- ¡Siéntate!
La voz
sonó en su cabeza como a tormenta en una cerrada noche del penúltimo
mes del año. Ya eran demasiados los truenos que llegaban a
atemorizarlo en las últimas jornadas, incluso en los meses
estivales, para que ahora, por San Andrés, se hubiera sobresaltado
como lo hizo. Porque aquel ¡Siéntate!, con el cielo despejado como
estaba cuando se produjo, le hicieron que se le pusiera la carne de
gallina y se le erizaran los vellos de sus brazos, y más después
que a la orden recibida, porque sí que lo fue, le siguiera un
imperativo ¡y quítate la camiseta!
Él,
sin darle tiempo a que las dudas invadieran su proceder, acató los
mandamientos otoñales recibidos, no sin dejar de hacer, coincidiendo
con que ella se encontraba en otra habitación, una liviana e
imperceptible observación.
- Tampoco es para ponerse así.
Y se
sentó. Y se descamisó. Y con los ojos cerrados, aguantó impasible
a que su mandante hiciera con él lo que le viniese en ganas. De nada
servirían sus observaciones ni sus sugerencias sobre el tema; como
siempre no serían tomadas en cuenta. Y la verdad era que a él se la
traía al pairo.
Y la
espera iba a ser más larga de la deseada, ya que al tiempo que
procedía a su descamisado, el ring ring del teléfono sonaba en el
salón.
Pero
no le dio mucho tiempo en darle juego a sus pensamientos con los ojos
cerrados, ya que en esta ocasión, cosa extraña, la conversación
telefónica tuvo una duración menor que la habitual. Y entonces
llegó con el mismo ímpetu que cuando soltó aquel ¡Siéntate!

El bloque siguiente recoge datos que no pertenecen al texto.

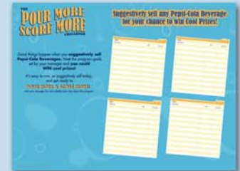
Crew Tracking Poster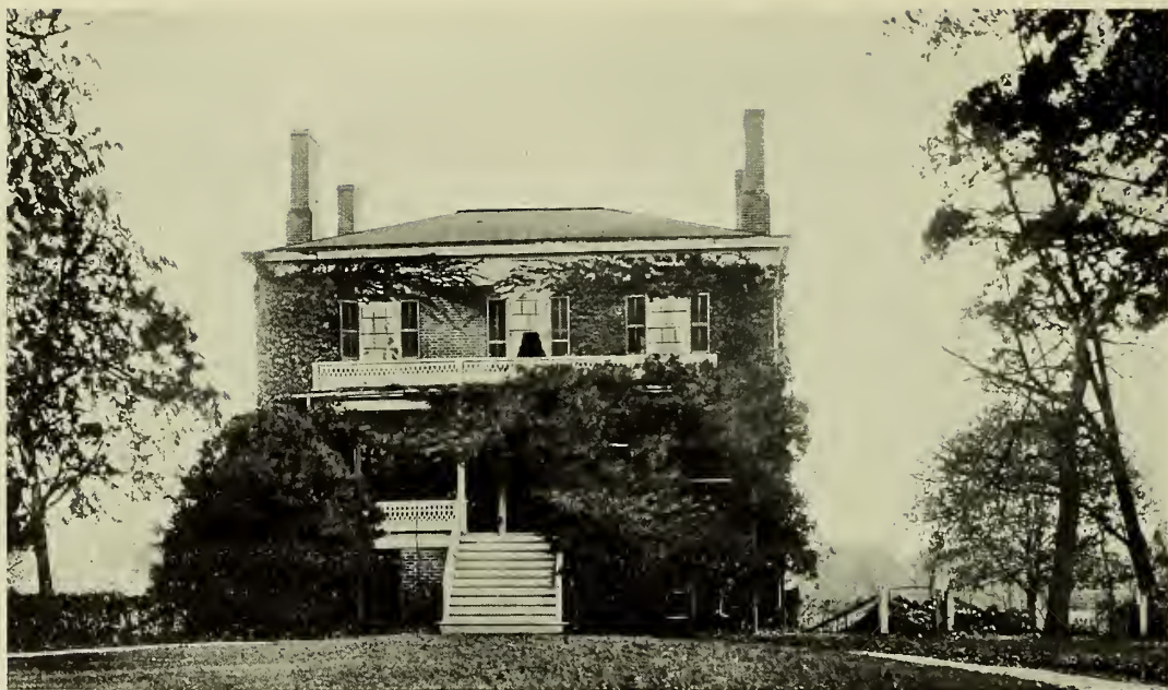
"PENSURST," RESIDENCE OF THE PRESIDENT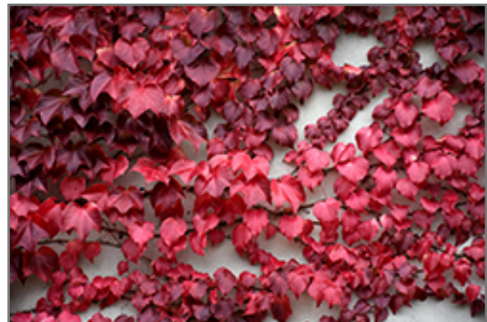
Veitch Boston Ivy in fall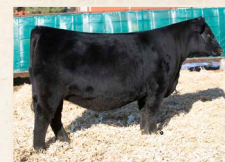
VISION WENDY 786 MATERNAL SISTER TO LOT 65

A calving-ease specialist in a moderate, functional package with athleticism and flexibility. His beautifully designed dam has produced females with tremendous body width and dimension. Many cattlemen can admire his maternal sister sired by Vision Unanimous 1418 that's pictured.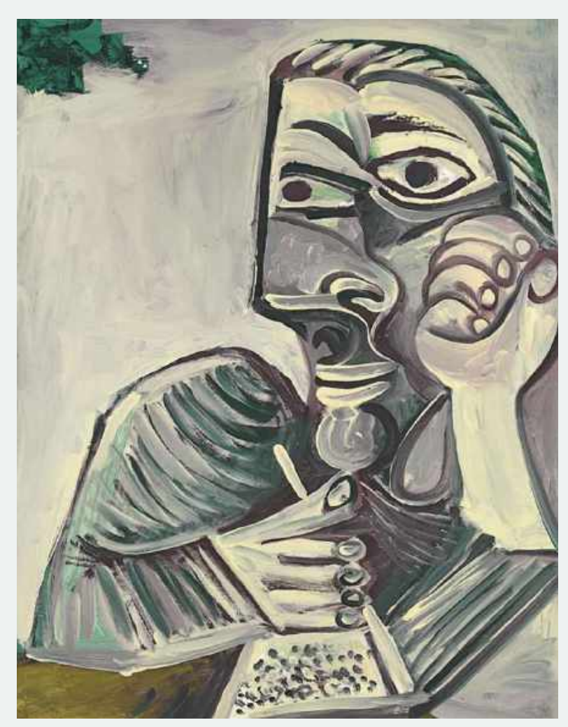
Picasso, self-portrait, 1966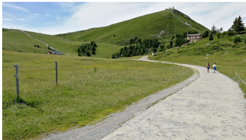
We continue slightly downhill.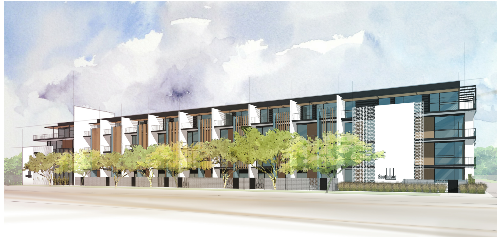
05 SOUTHEAST CORNER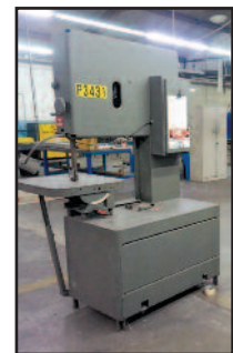
Grob Vert. Band Saw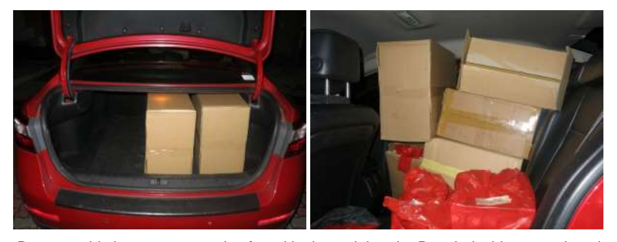
Duty-unpaid cigarettes were also found in the taxi that the Bangladeshi men took to the HDB block in Woodlands Circle.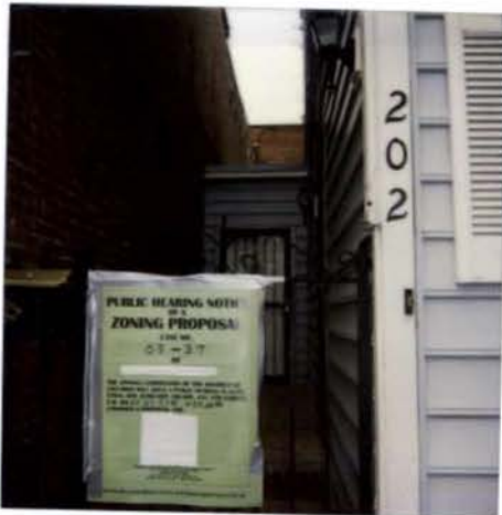
2C 05-37 202 6th St NE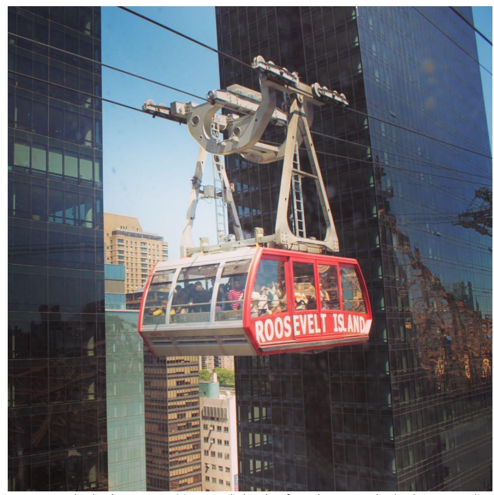
Fig. 1. Roosevelt Island Tram, May 2015. I took this shot from the Roosevelt Island Tram traveling in the opposite direction. The tram sways within, among, and above tall buildings of Manhattan. This is one way to get close, without trespassing.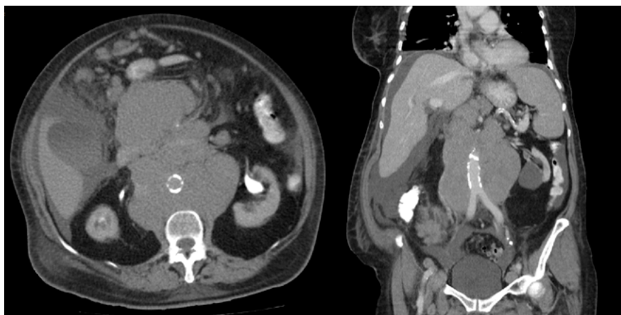
Figure 2. CT-scan of adenopathic inter-aortic-cava conglomerate in transversal plane (left) and coronal plane (right)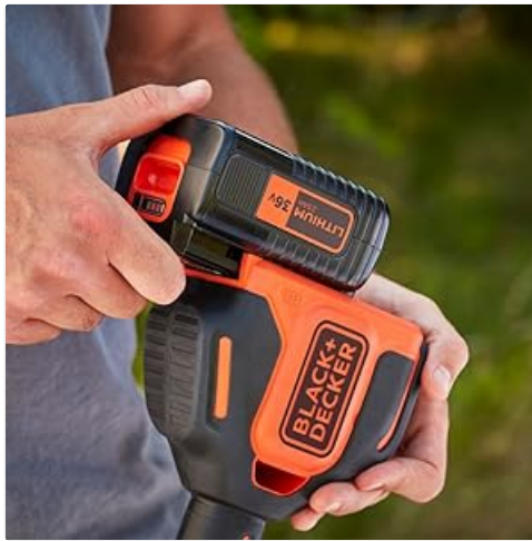
Image 4.1: Demonstrating the insertion of the 36V battery into a compatible BLACK+DECKER tool.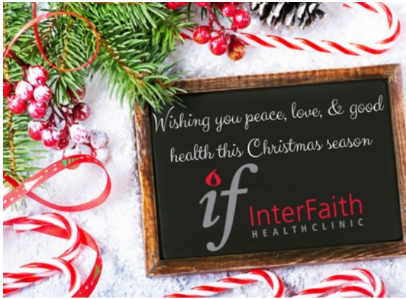
InterFaith's 2018 holiday card (an alternate version that states "holiday season" is available upon request)

The holidays are a time for us to remember friends, colleagues, and loved ones and to share the blessings of the holiday season. We invite you to share our message of health and hope by sending holiday greeting cards to those on your gift list this year, with all the proceeds underwriting direct patient care for the underserved in our community.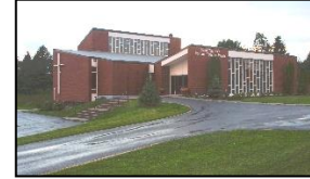
St. Theresa's Church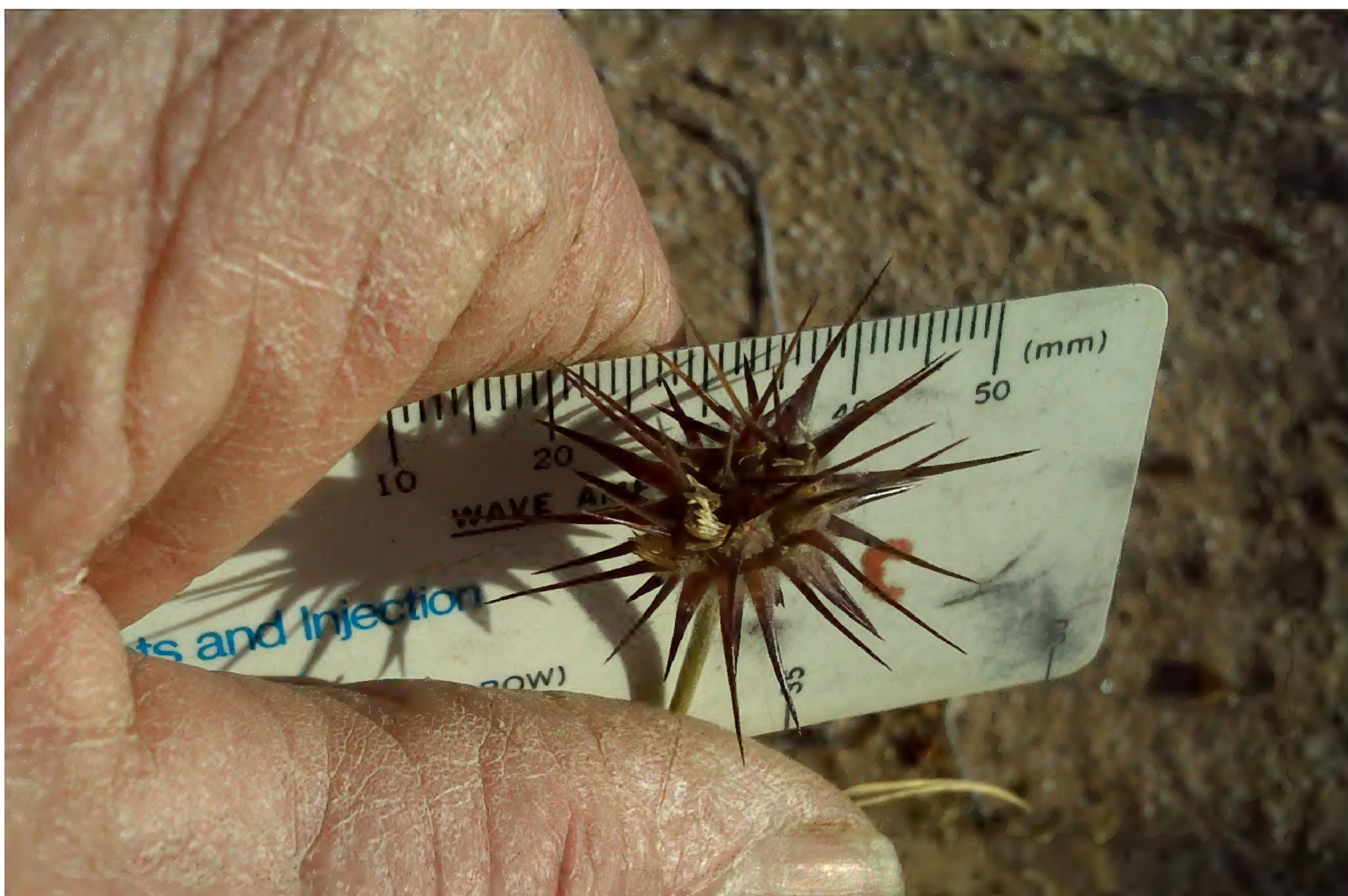
Figure 5. Cenchrus palmeri , from the collection site. Photo by J. Malusa, 19 January 2013.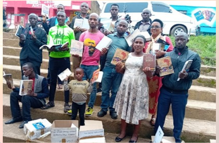
Students in Uganda receiving book packs from Opal Trust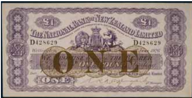
2580* National Bank of New Zealand , uniform issue, one pound, Wellington, 1st June 1926, D428629, imprint of Perkins, Bacon & Co. Ld. London (Robb.J.82; L.512; P.S317). Crisp original body, extremely fine and rare in this condition. $2,700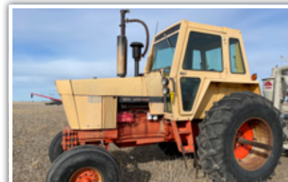
1970 CASE AGRI KING 1070 / 6,308 HRS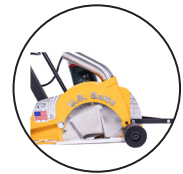
Aluminum Alloy Chassis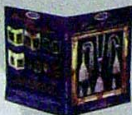
Chenille Collection Volume One Item No. 39041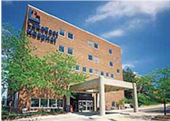
(*Legal) LakeEast Hospital, Painesville, OH 2004 *Prevented Legal Action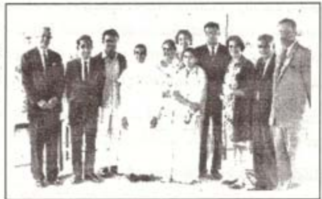
Friends & Well Wishers at the start of the hospital

Leprosy patients of Dhanbad district, shunned by their family, driven away from markets and wells, were seen cowering under the cool of the trees outside the towns and villages, beyond human habitation.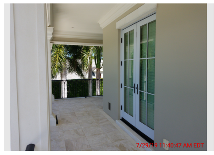
Description Door #60 (Master Suite), No issues found.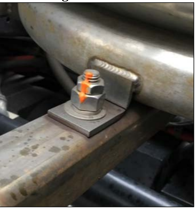
Tank to frame breakage example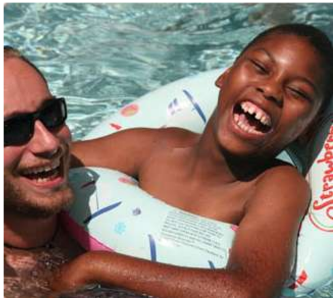
Report to the Community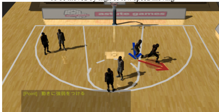
Fig. 2. Content of video from a third person viewpoint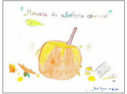
Figure 2: Drawings from the children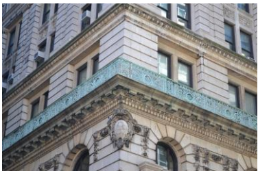
346 Broadway (detail)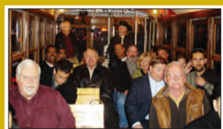
2012 Board Retreat in Dallas

PRESORT STANDARD US POSTAGE PAID TYLER TX PERMIT NO 157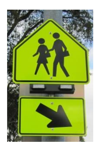
Figure 3. Example of the rectangular rapid flashing beacon being used with school sign.

The pedestrian hybrid beacon (PHB) (also known as the HAWK) is located both on the roadside and on mast arms over the major approaches to an intersection (see Figure 4 for an example). The head of the PHB consists of two red lenses above a single yellow lens. It is normally "dark," but when activated by a pedestrian, it first displays a few seconds of flashing yellow followed by a steady yellow change interval, and then displays a steady red indication to drivers, which creates a gap for pedestrians to cross the roadway. During the flashing pedestrian clearance interval, the PHB changes to a wig-wag flashing red to allow drivers to proceed after stopping if the pedestrian has cleared the roadway, thereby reducing vehicle delays.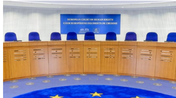
The European Court of Human Rights

Court of Appeals, the suspicion of membership in a criminal organization could be sufficient to characterize a case of discovery in flagrante delicto without the need to establish any current factual element or any other indication of an ongoing criminal activity.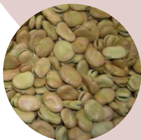
PBA Kareema ®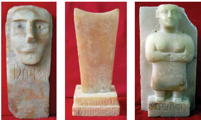
Figs. 23-25 - Examples of inscribed stelae in alabaster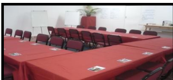
Our Conference facility hosts 30 people in comfort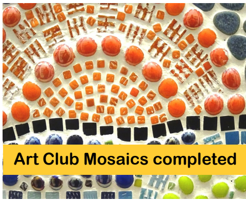
Art Club Mosaics completed

The term has got off to a lively start with Year 6 children visiting Holdenby House on the first Thursday back (they made rose soap, buns, rolls and did the ironing!). Parents of Y6 children will doubtless learn more through Class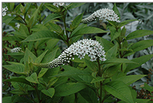
Gooseneck Loosestrife flowers

Gooseneck Loosestrife is recommended for the following landscape applications;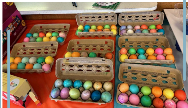
FIRST PRESBYTERIAN CHURCH, KENOVA, MEETS THE SATURDAY BEFORE EASTER TO COLOR EGGS FOR THE EASTER EGG HUNT FOLLOWING EASTER SERVICE.

With the egg hunt held at the church, the children hear a brief devotion during Children’s Church prior to the egg hunt. While the hunt is for the children attending church on Easter Sunday, everyone is welcome to participate. First Presbyterian likes to incorporate the Resurrection Eggs in children’s classes to include the youth in telling the story of Easter.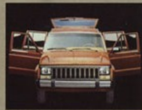
Only Cherokee has the ease of four doors.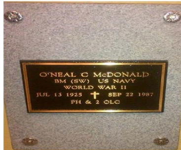
BRONZE NICHE (Z)

This niche marker is 8-1/2 inches long, 5-1/2 inches wide, with 7/16 inch rise. Weight is approximately 3 pounds; mounting bolts and washers are furnished with the marker. Used for columbarium or mausoleum interment. Also provided to supplement a privately-purchased headstone or marker for eligible Veterans who died on or after November 1, 1990 and are buried in a private cemetery.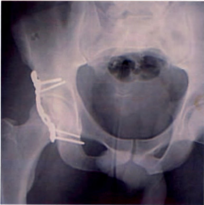
Fig.7 The patient presented with complete avascular necrosis of the femoral head at only six weeks. The fragment within the joint a remnant of the femoral head.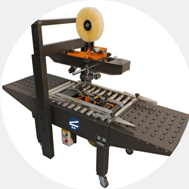
*Shown with optional infeed and discharge roller conveyors and casters

Excellent for wider, taller, heavier boxes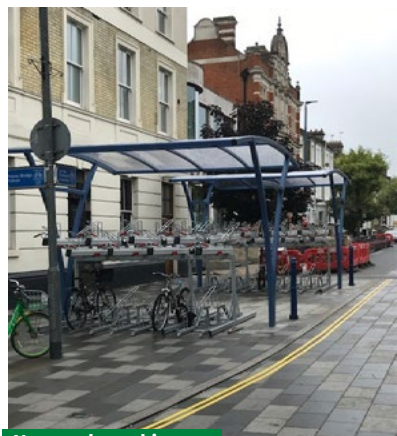
New cycle parking on Disraeli Road.

Or we could work with your employer to help them install one in your work place.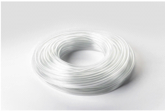
FLT-072 1/4" OD Tubing for Push-fit grippers for Stealth & Spider Systems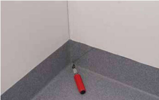
13. Trim weld back to the surface of the material.

For further information or technical advice tel: 01462 707600 fax: 01462 707515 email: enquiries@altro.com or explore www.altro.com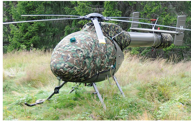
MD520 NOTAR Bubble, Engine, & NOTAR Covers & Blade Tie-downs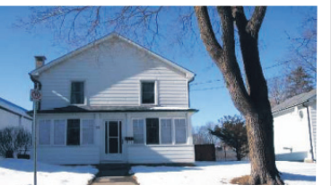
TIME FOR NEXT GENERATION $299,900 PresswoodTeam.com 10-087-30 W179699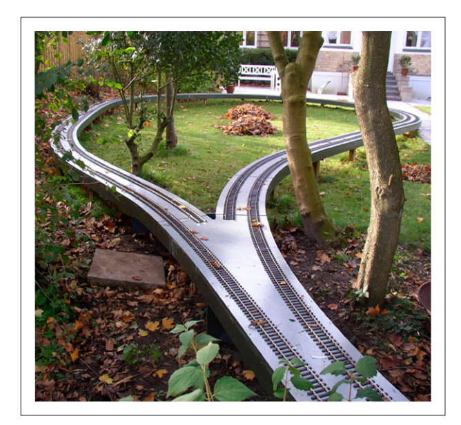
The south end of the express mainline ("folded bone")

Running on the track is naturally free. Food and refreshments can be bought on the day at very reasonable prices.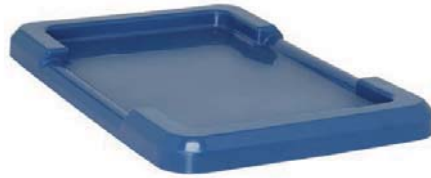
LID2516-8 Optional lid keeps stored items dust free. Tubs can still stack or cross stack with lids in place.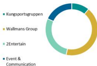
THE BUSINESS AREA'S SHARE OF THE QUARTER'S SALES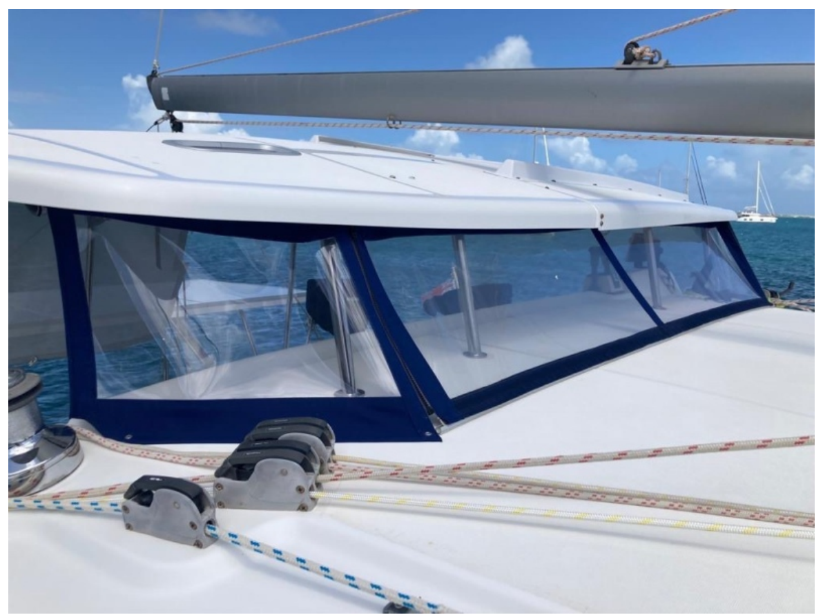
Used Sail Catamaran for sale 2004 Lagoon 380 - BLUE MOON OF AMBLE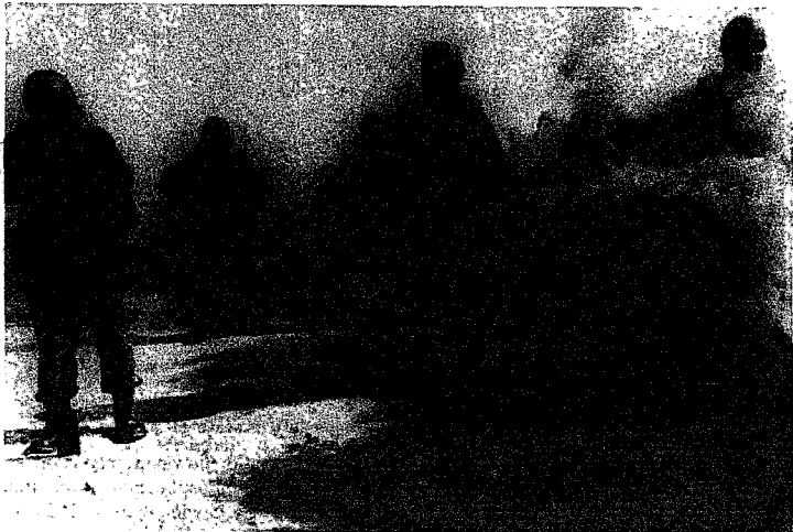
Army News Features

mediate result is a persistent muscular contraction, a state of cramp, followed by paralysis. And this is exactly what happens when the critical esterase, called acetylcholinesterase, becomes inhibited by a G-type phosphorous compound. When the block

- ¡Agacha la cabeza y no hables!
Sumisamente
él obedeció, volviendo a cercenar su impaciente mirada al unir sus
párpados, procediendo, sin intención alguna, a cerrar sus puños
como muestra de intranquilidad por lo que le pudiera venir encima.
Y se
dejó llevar, sin pasarle por su mente el no acatar aquel ¡Agacha la
cabeza y no hables! , aunque eso sí, de vez en cuando se atrevía a
entreabrir sus ojos para no ver nada, ya que la posición de su
cabeza subyugada le impedía ver alguna cosa que le ayudara a
sobrellevar por lo que estaba pasando.
Y fue
en el momento en que su trance se encontraba en el punto más
álgido, cuando una nueva frase de su mandante volvió a
sobresaltarlo.
- ¡Levanta la cabeza!
Y así
lo hizo, aunque sin atreverse a quebrar su falta de visión por lo
que le pudiera venir encima, dejándose llevar y a la espera de
recibir otra frase imperativa, frase que se dejó esperar por espacio
de unos largos e interminables minutos.
- ¡Ea!, ya estás listo. Abre los ojos y dime cómo te he dejado. No me digas que no te he dejado bien; ni un trasquilón.
- Pues la verdad es que te has lucido. Perfecto.